How can one explain the Kelvin Water drop experiment without assuming the container to already possess a positive charge? Kelvin Water Dropper experiment refers to the electrostatic generator invented by Lord Kelvin, which uses falling water to generate a voltage by electrostatic induction occurring between interconnected, oppositely charged systems. 
http://en.wikipedia.org/wiki/Kelvin_water_dropper
 A: The way I have heard it explained is not by the container but the water drops themselves. Statistically there is no way you can get a perfectly neutral water drop every single time. Eventually you will get a drop with a charge of 0.000000001 coulombs. This tiny imbalance is enough to set the experiment in motion into a positive feedback system.
You can think about it this way, imagine a factory that makes steel balls that have a mass of 100 grams each. Is it reasonable to think that every single ball from the factory will have a mass of exactly 100 grams and not vary to even 100.0000000000000000001 grams? Electrical charge functions the same way. No macro size object has a perfectly neutral charge. Even the earth ground in circuits has a charge, it is just that the actual charge is so insignificant that you can almost always consider the ground potential to be 0V.
A: There must be some asymmetry at the start.   It can go either way, positive or negative.  It's like balancing a razor blade on edge, and "falls" one way or the other.
But, under humid conditions, the Kelvin generator gives zero output.  Build it, turn on the water, and nothing happens.  This occurs because a many-megohms resistance appears across all the insulators.  Surface contamination is slightly conductive.   Then, even if there is small electrical noise in the system, any asymmetrical voltage will decay away through the resistance faster than it builds up.
However, there is always a threshold output-voltage below which the output decays to zero, and above which the output rises exponentially.
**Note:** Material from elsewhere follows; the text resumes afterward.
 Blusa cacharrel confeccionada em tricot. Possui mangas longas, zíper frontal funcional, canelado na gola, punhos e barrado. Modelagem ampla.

In somewhat-humid conditions, this threshold voltage is usually low enough that the normal charge on human bodies may give the metal parts an electrostatic inductive "kick" to exceed the threshold and start up the generator.   (Human bodies normally have a few hundred volts wrt ground, caused by walking on floors, touching against chair seats, etc.)
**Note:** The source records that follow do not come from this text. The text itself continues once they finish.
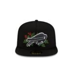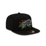 The Buffalo Bills Holly 59FIFTY A-Frame Fitted Cap features an embroidered Bills black and white logo with holly at the front panels with a matching NFL Shield logo at the rear. Additional details include a holly New Era Flag at the left-wear side and a black undervisor.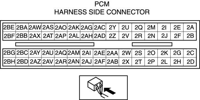 - Throttle body terminal A and PCM terminal 2AK*1, 2M*2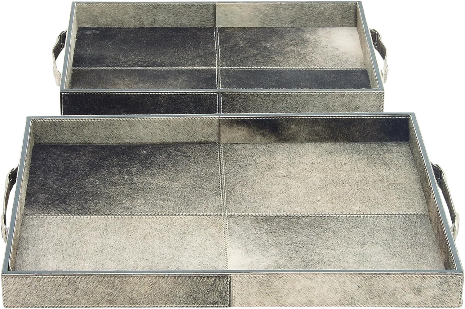 A storage piece that is spacious for your trinkets or decorative goods on your mantle, coffee table or kitchen counter. A versatile piece for storage or as a decorative display on any surface space. These elegant leather desk trays are an ideal tray for papers, documents, and lightweight office materials. This item ships in 1 carton. Please note that this item is for decorative purpose only and is not food safe. Mdf tray makes a great gift for any occasion. Due to the handmade nature of this item, no two will be alike, there will be slight differences in shape, size, and color. Suitable for indoor use only. Leather and hair on hide are natural products, and therefore no two will be alike. There may slight variations in pattern, natural blemishes, colors, and overall aesthetic of the product. Made in India. This tray comes as a set of 2. Traditional style.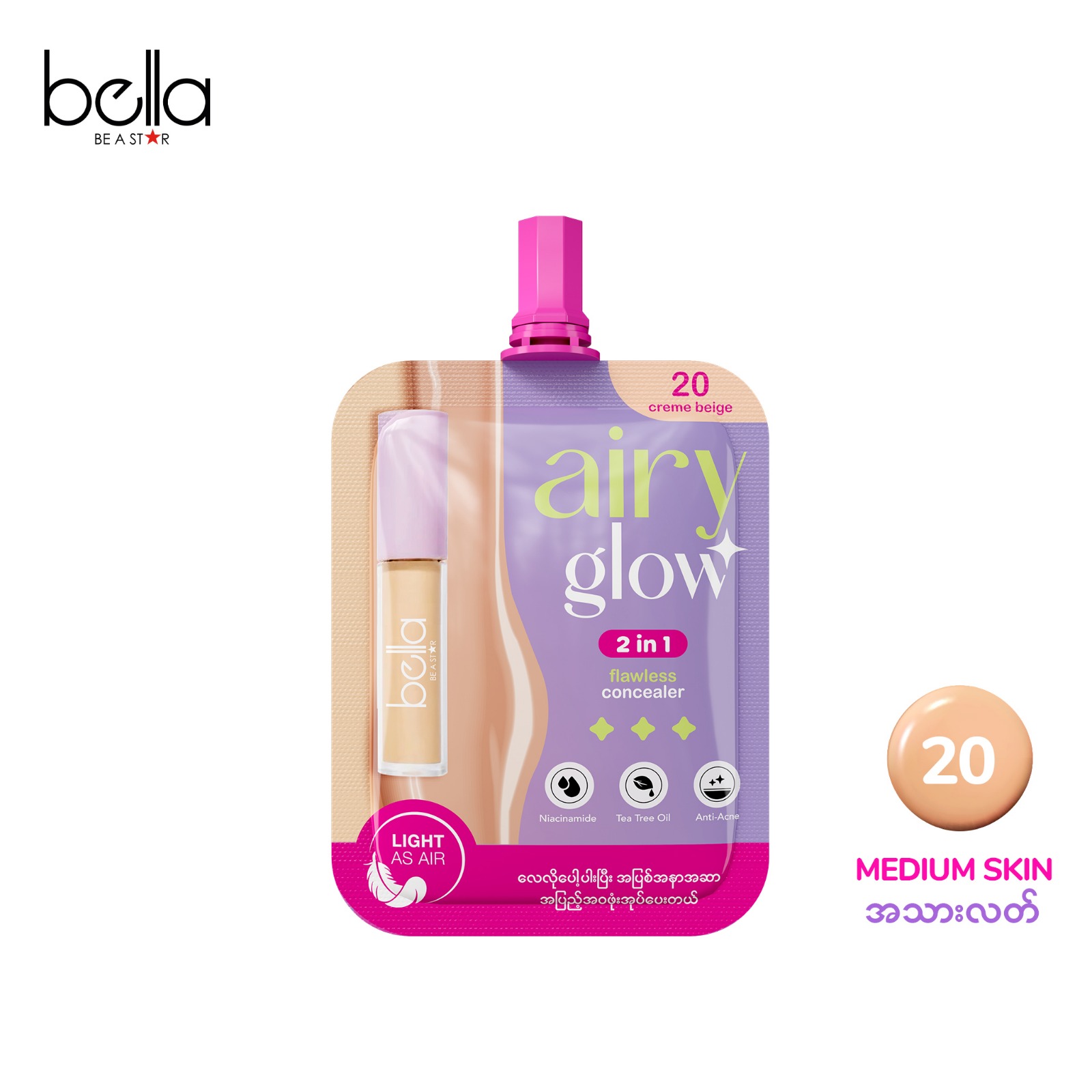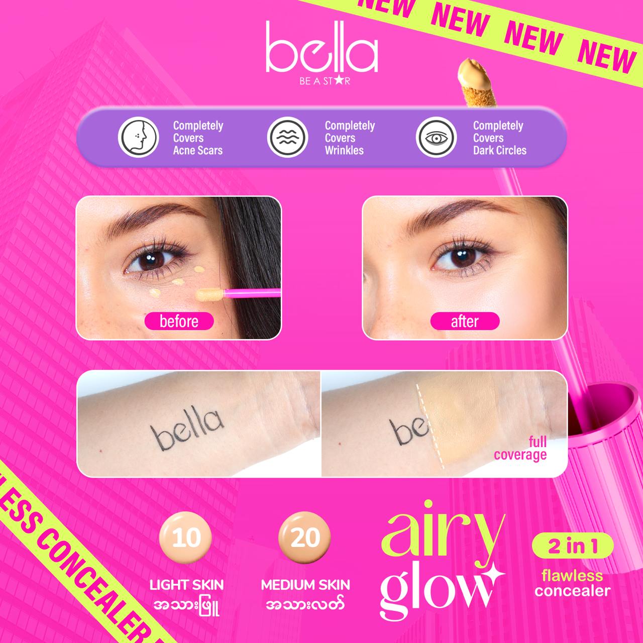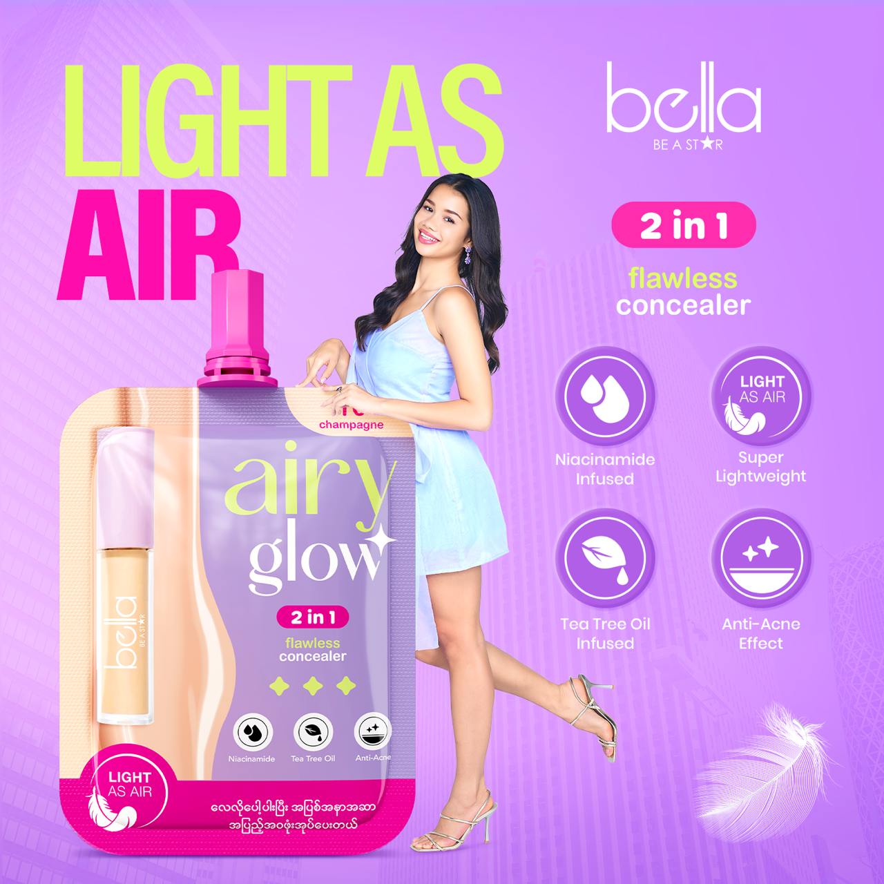 လေလိုပေါ့ပါးပြီး အပြစ်အနာဆာတွေကို အပြည့်အဝ ဖုံးအုပ်ပေးမယ့် Airy Glow Concealer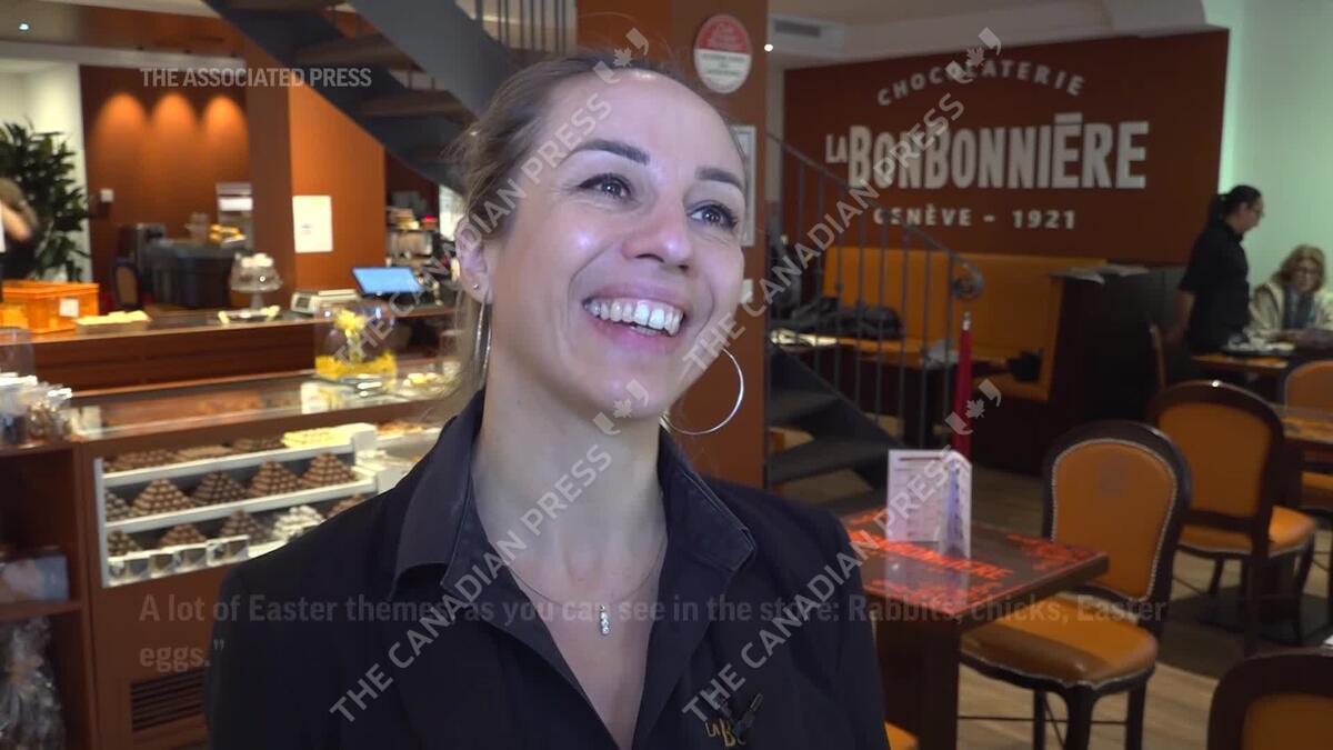 Switzerland's famed chocolatiers are gearing up for the finale of the crucial Easter season with sculptured sweets like chocolate bunnies, chicks and eggs at a time of rising cocoa prices. AP Video shot by Jamey Keaten

With higher humidity, sometimes we can "kick" the generator by charging an inflated balloon upon wool or hair, then waving the charged balloon near one side of the Kelvin generator.
PS
The ultimate insulator for DIY electrostatic device is thin nylon fishing line which has been cleaned of any fingerprint contamination.   With the metal parts suspended by fish line, many kilovolts can persist even over tens of hours, even with humidity high enough to produce droplets of condensation on the nylon line!   No other insulator has such a small surface area and such a long leakage path.
PPS, in Hunger Games II, see Tool Effects giant octagonal Kelvin device.  Built by G Finnin., I had some input on their design.
A: To include many other, clear & technical descriptions of this phenomenon, I should add that this 'generator' can be described as a bi-stable circuit, much like those used in most digital systems on earth.
It might also help to mention what could be called the 'Power Supply' path, which consists of the contiguous water($\mathbf CW$) (& electrostatic) path between the two drop formation($\mathbf DF$) areas (& any contiguous water source volume).  Any slight imbalance in the charge on the metal conductors is reflected in an imbalance in the static voltage in the CW path, caused by electrostatic/capacitance displacement of free protons$^+$ & electrons$^-$ (p$H^+$ and p$e^-$ of 7) from the DF areas, by any non-neutral charge on the so called 'induction rings'.  ('Induction' wrongly imply that the moving charge makes a relevant magnetic field here.)
(The well known "$\mathbf{p}H^+$" refers to the $\mathbf{p}$robability of free $\mathbf H$ydrogen ions (==protons$^+$) in neutral water (pH7=$\mathrm 10^{-7}$).  Naturally, for each free proton$^+$, there 'should' be a free electron$^-$, somewhere nearby.)  
In this environment, the static charges in the water, are pushed by the static ring charge. The charged drops are separated (by DF), pulled away by gravity into the buckets, & the charge trapped in the drops, spread to the metal conductors & rings.